* [DATASET EXTRACT]
= Beginning of Section =

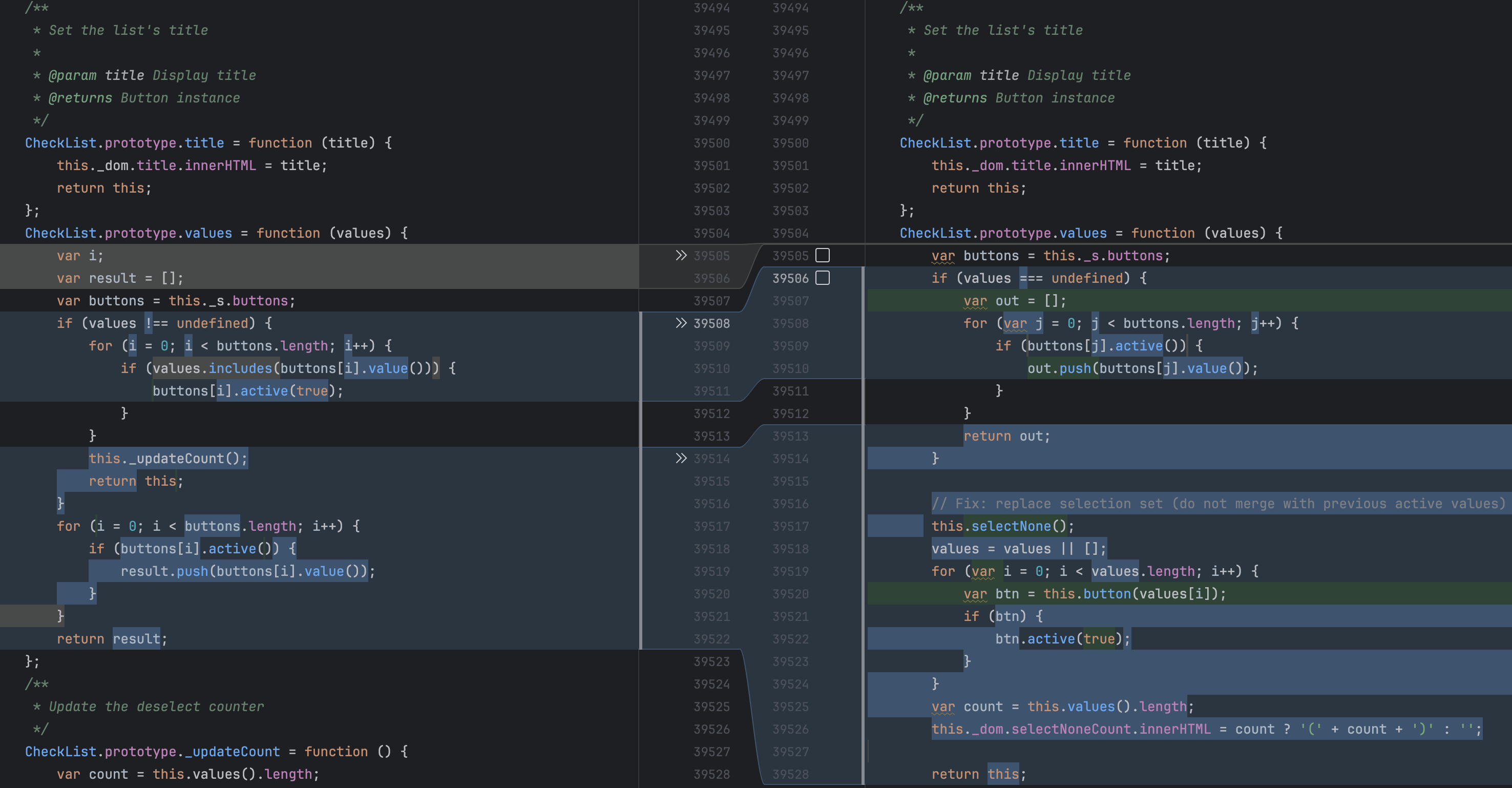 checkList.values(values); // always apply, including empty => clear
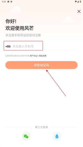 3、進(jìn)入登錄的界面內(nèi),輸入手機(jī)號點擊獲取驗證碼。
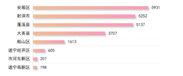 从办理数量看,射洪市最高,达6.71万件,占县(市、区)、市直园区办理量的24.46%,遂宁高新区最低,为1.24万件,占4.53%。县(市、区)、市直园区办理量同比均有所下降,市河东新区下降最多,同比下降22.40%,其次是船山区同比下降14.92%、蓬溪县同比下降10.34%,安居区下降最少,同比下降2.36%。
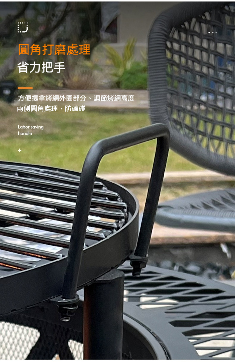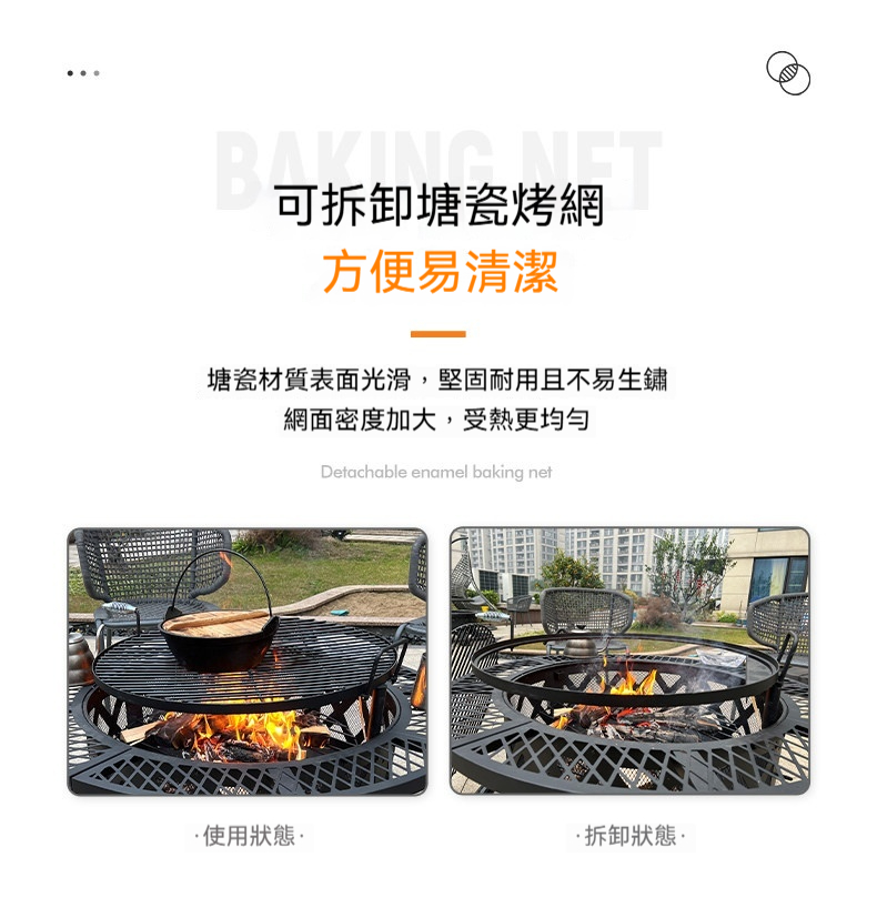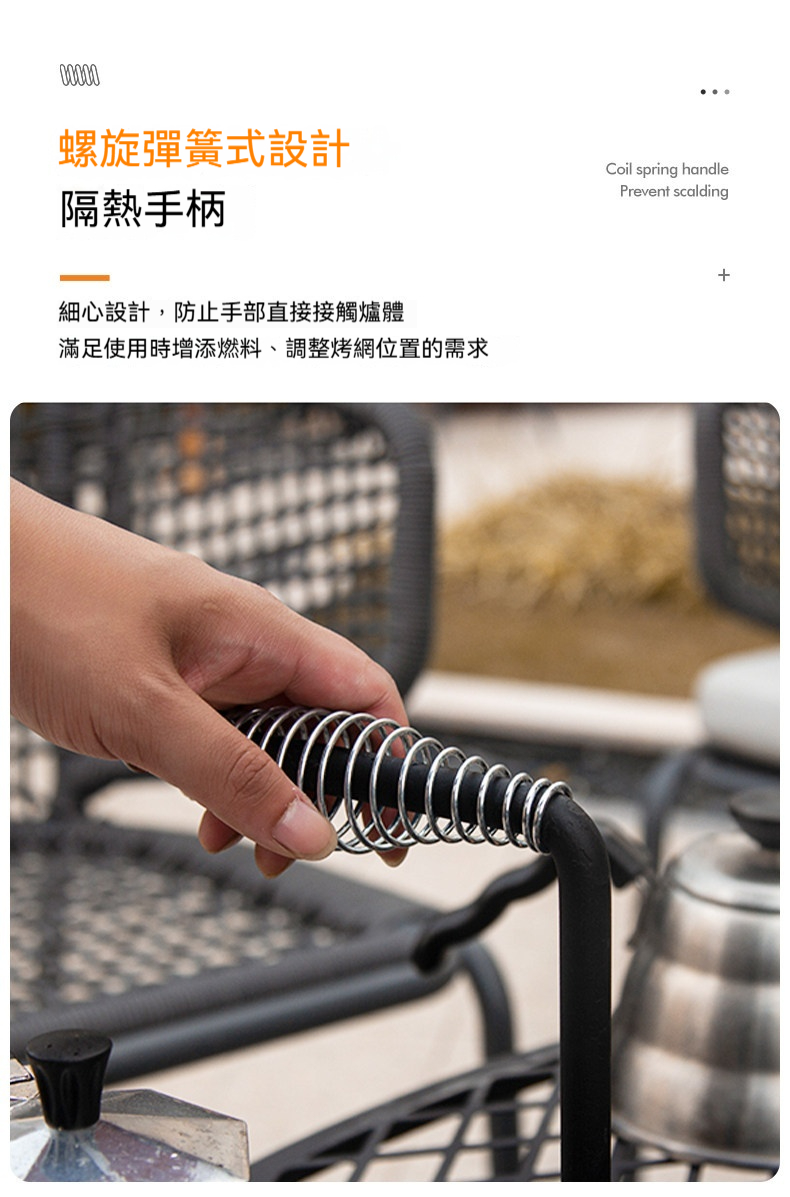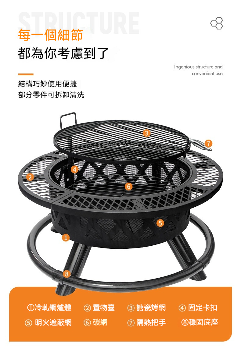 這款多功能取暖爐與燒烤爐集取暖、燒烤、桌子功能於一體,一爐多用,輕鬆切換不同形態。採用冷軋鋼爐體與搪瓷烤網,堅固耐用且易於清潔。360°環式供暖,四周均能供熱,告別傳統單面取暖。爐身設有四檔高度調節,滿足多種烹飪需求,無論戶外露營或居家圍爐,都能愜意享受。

= End of Section =

* [ASSIGNMENT] Once the pictures are removed, output the remaining material exactly.

* [EXPECTED ANSWER]
 checkList.values(values); // always apply, including empty => clear
 3、進(jìn)入登錄的界面內(nèi),輸入手機(jī)號點擊獲取驗證碼。
 从办理数量看,射洪市最高,达6.71万件,占县(市、区)、市直园区办理量的24.46%,遂宁高新区最低,为1.24万件,占4.53%。县(市、区)、市直园区办理量同比均有所下降,市河东新区下降最多,同比下降22.40%,其次是船山区同比下降14.92%、蓬溪县同比下降10.34%,安居区下降最少,同比下降2.36%。
 這款多功能取暖爐與燒烤爐集取暖、燒烤、桌子功能於一體,一爐多用,輕鬆切換不同形態。採用冷軋鋼爐體與搪瓷烤網,堅固耐用且易於清潔。360°環式供暖,四周均能供熱,告別傳統單面取暖。爐身設有四檔高度調節,滿足多種烹飪需求,無論戶外露營或居家圍爐,都能愜意享受。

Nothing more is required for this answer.